▶ [WHAT THE TASK ASKS]: Below is a listing with pictures in it. Copy it exactly without them.

▶ [DATASET SECTION]:
Content starts
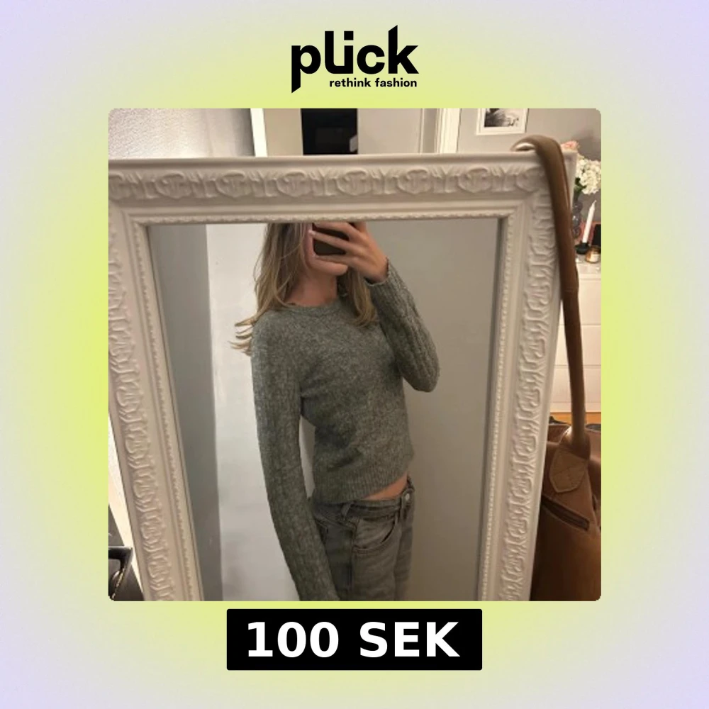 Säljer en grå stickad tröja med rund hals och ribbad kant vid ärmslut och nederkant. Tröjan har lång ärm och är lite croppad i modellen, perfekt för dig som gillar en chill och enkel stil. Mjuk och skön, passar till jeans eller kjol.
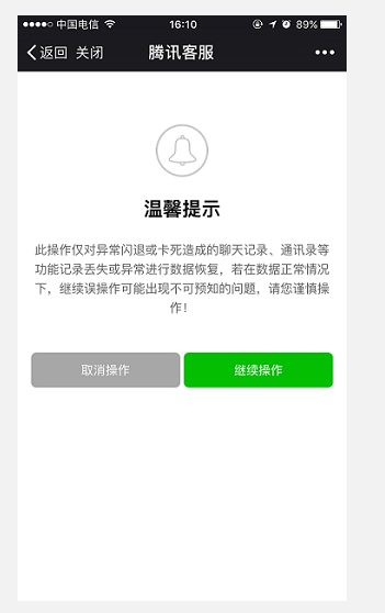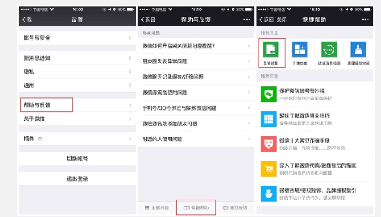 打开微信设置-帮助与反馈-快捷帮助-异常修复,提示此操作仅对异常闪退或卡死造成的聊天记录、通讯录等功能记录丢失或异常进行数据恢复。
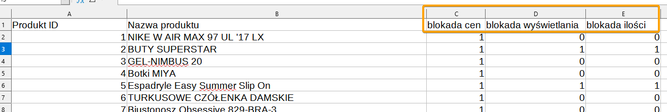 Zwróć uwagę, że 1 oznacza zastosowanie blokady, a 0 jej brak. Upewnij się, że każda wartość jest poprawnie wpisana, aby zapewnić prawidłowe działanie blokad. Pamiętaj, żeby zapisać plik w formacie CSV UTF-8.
Content ends
▶ [EXERCISE OUTPUT]:
 Säljer en grå stickad tröja med rund hals och ribbad kant vid ärmslut och nederkant. Tröjan har lång ärm och är lite croppad i modellen, perfekt för dig som gillar en chill och enkel stil. Mjuk och skön, passar till jeans eller kjol.
 打开微信设置-帮助与反馈-快捷帮助-异常修复,提示此操作仅对异常闪退或卡死造成的聊天记录、通讯录等功能记录丢失或异常进行数据恢复。
 Zwróć uwagę, że 1 oznacza zastosowanie blokady, a 0 jej brak. Upewnij się, że każda wartość jest poprawnie wpisana, aby zapewnić prawidłowe działanie blokad. Pamiętaj, żeby zapisać plik w formacie CSV UTF-8.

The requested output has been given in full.